(Information supplied)

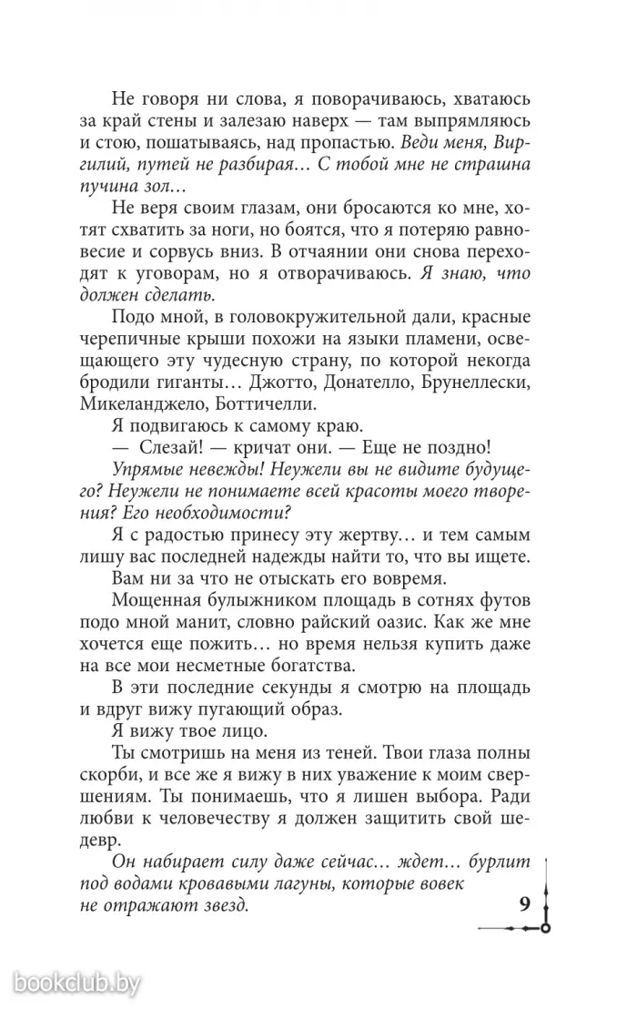 Оказавшись во Флоренции, профессор Лэнгдон, специалист по кодам, символам и истории искусства, попадает в водоворот событий, которые способны привести к гибели человечества... Помешать этому может только разгадка тайны, зашифрованной Данте в строках своей бессмертной поэмы.
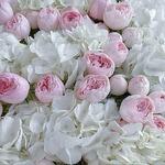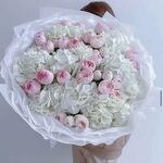 Роза пионовидная - 9 шт. Дизайнерская упаковка - 1 шт. гортензия гидрангея - 15 шт.
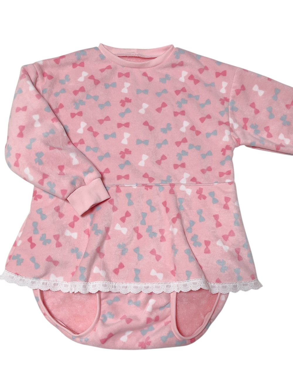 大人用 スカート付きロンパースリボン柄ふんわりあったか長袖

(End Information supplied)

[Task item] Pictures are to be omitted; otherwise, write out the data exactly as it appears.

[Written response]
 Оказавшись во Флоренции, профессор Лэнгдон, специалист по кодам, символам и истории искусства, попадает в водоворот событий, которые способны привести к гибели человечества... Помешать этому может только разгадка тайны, зашифрованной Данте в строках своей бессмертной поэмы.
 Роза пионовидная - 9 шт. Дизайнерская упаковка - 1 шт. гортензия гидрангея - 15 шт.
 大人用 スカート付きロンパースリボン柄ふんわりあったか長袖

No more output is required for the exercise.